__ACTION ITEM__
For every record that follows, write out the text exactly and omit the picture, if one is present.

DATA EXTRACT: Begin

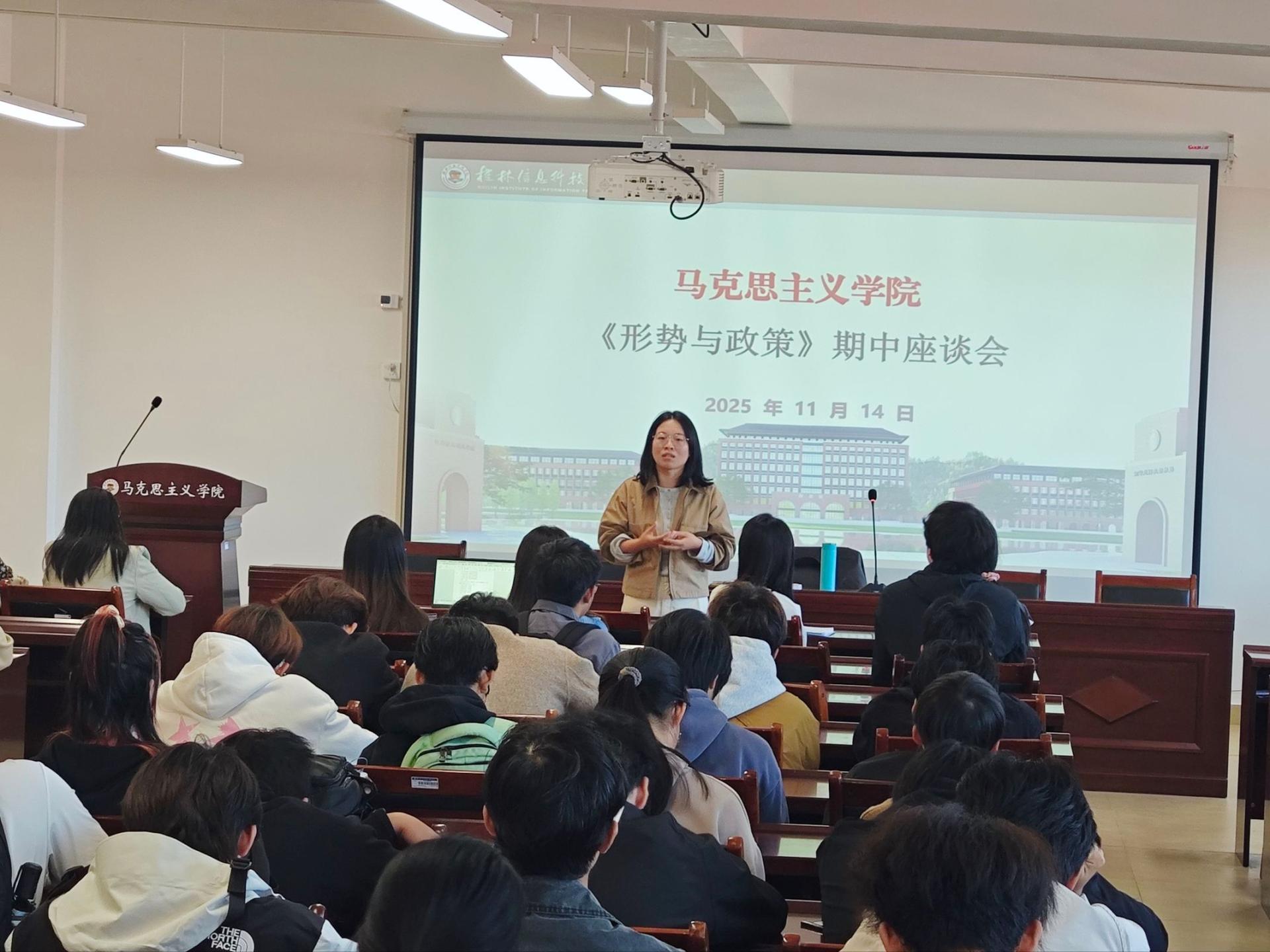 为深入了解《中华民族共同体概论》和《形势与政策》课程的教学情况,及时解答学生学习困惑,11月14日下午,形势与政策教研室在G605会议室召开期中师生座谈会。会议由教研室主任王贻正副教授主持,全体教师及各班级学生代表参加。
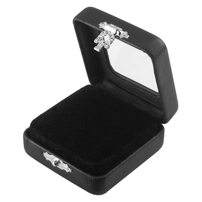تتميز علبة الأحجار الكريمة ذات المفصلة هذه بغطاء زجاجي شفاف يسمح برؤية واضحة لمحتوياتها ويثبت الحجر الكريم بأمان للعرض أو للمشاهدة باليد. يغطي العلبة البلاستيكية جلد صناعي أسود. تحتوي العلبة على إغلاق ومفصلات من الفولاذ؛ ووسادة رغوية قابلة للعكس — سوداء أو بيضاء — تحمي الحجر وتتيح لك اختيار اللون الذي يبرز الحجر بأفضل شكل. مساحة العرض تقيس 2-1/2" × 1-3/4".
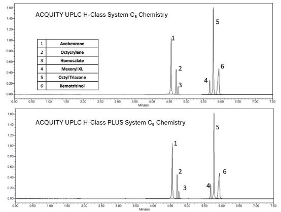圖1. 分別在ACQUITY UPLC H-Class和ACQUITY UPLC H-Class PLUS系統上使用ACQUITY UPLC BEH C8色譜柱填料分離各種防曬霜活性成分標準品得到的疊加色譜圖。
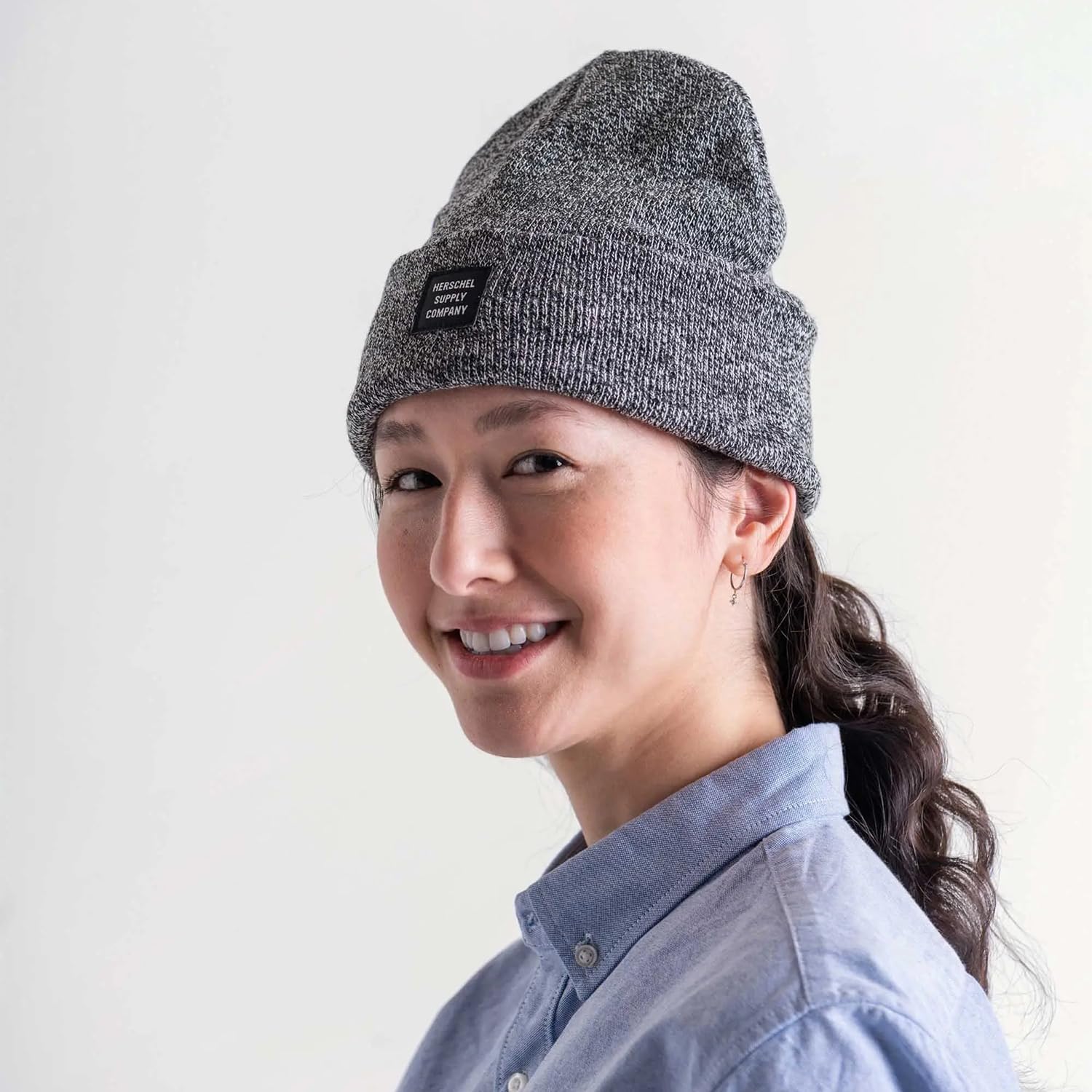 Abbott - классическая шапка-бини плоской вязки с завышенной посадкой. Высокая посадка и широкая манжета украшены тканым лейблом Herschel Supply.
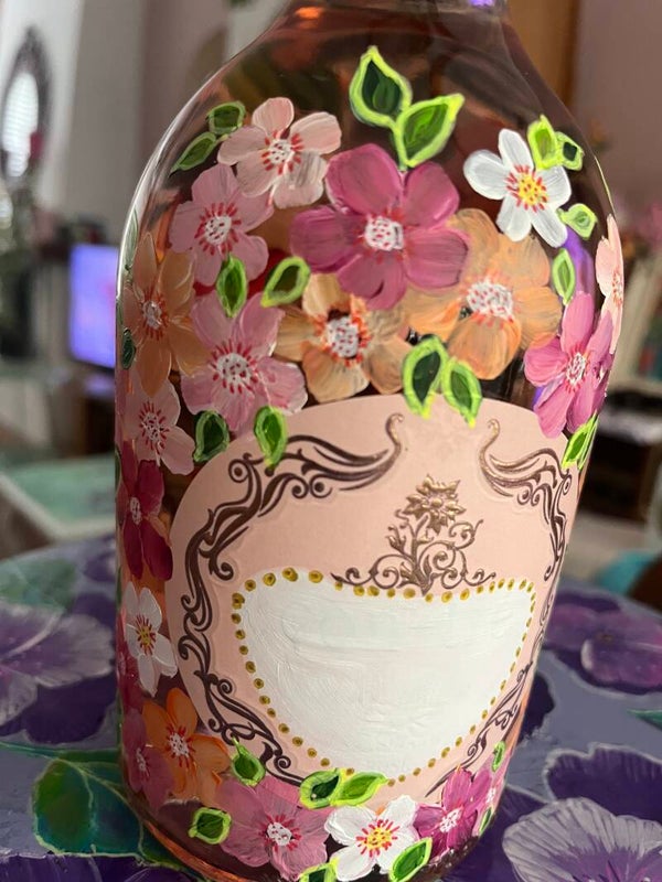 De heerlijke fles fruitige Rosé is handbeschilderd met vrolijke bloemen!
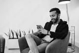 Trendy handsome Gen z Indian arabic man typing on mobile phone, sitting in waiting room before interview
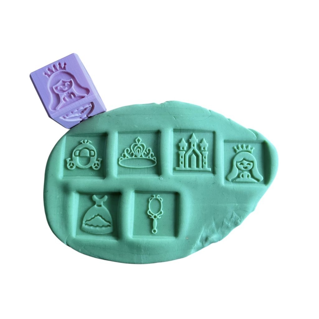 Otiskovací kostka Princezna vykouzlí do modelíny i kinetického písku motivy princezen, korunek a zámku. Vyrobeno z ekologického PLA materiálu – bezpečné pro děti, šetrné k přírodě. Skvělé pro rozvoj fantazie i jemné motoriky.
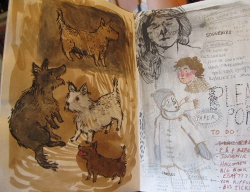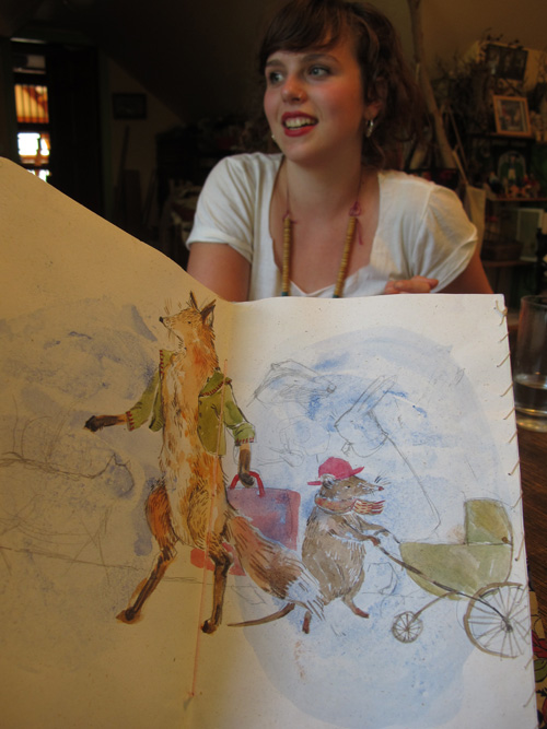 I love how she works quickly, so her dolls are fresh, not fussy. She draws beautifully, too and she showed me her sketch book.

DATA EXTRACT: End

__RESPONSE TO THIS TASK__
 为深入了解《中华民族共同体概论》和《形势与政策》课程的教学情况,及时解答学生学习困惑,11月14日下午,形势与政策教研室在G605会议室召开期中师生座谈会。会议由教研室主任王贻正副教授主持,全体教师及各班级学生代表参加。
تتميز علبة الأحجار الكريمة ذات المفصلة هذه بغطاء زجاجي شفاف يسمح برؤية واضحة لمحتوياتها ويثبت الحجر الكريم بأمان للعرض أو للمشاهدة باليد. يغطي العلبة البلاستيكية جلد صناعي أسود. تحتوي العلبة على إغلاق ومفصلات من الفولاذ؛ ووسادة رغوية قابلة للعكس — سوداء أو بيضاء — تحمي الحجر وتتيح لك اختيار اللون الذي يبرز الحجر بأفضل شكل. مساحة العرض تقيس 2-1/2" × 1-3/4".
圖1. 分別在ACQUITY UPLC H-Class和ACQUITY UPLC H-Class PLUS系統上使用ACQUITY UPLC BEH C8色譜柱填料分離各種防曬霜活性成分標準品得到的疊加色譜圖。
 Abbott - классическая шапка-бини плоской вязки с завышенной посадкой. Высокая посадка и широкая манжета украшены тканым лейблом Herschel Supply.
 De heerlijke fles fruitige Rosé is handbeschilderd met vrolijke bloemen!
 Trendy handsome Gen z Indian arabic man typing on mobile phone, sitting in waiting room before interview
 Otiskovací kostka Princezna vykouzlí do modelíny i kinetického písku motivy princezen, korunek a zámku. Vyrobeno z ekologického PLA materiálu – bezpečné pro děti, šetrné k přírodě. Skvělé pro rozvoj fantazie i jemné motoriky.
 I love how she works quickly, so her dolls are fresh, not fussy. She draws beautifully, too and she showed me her sketch book.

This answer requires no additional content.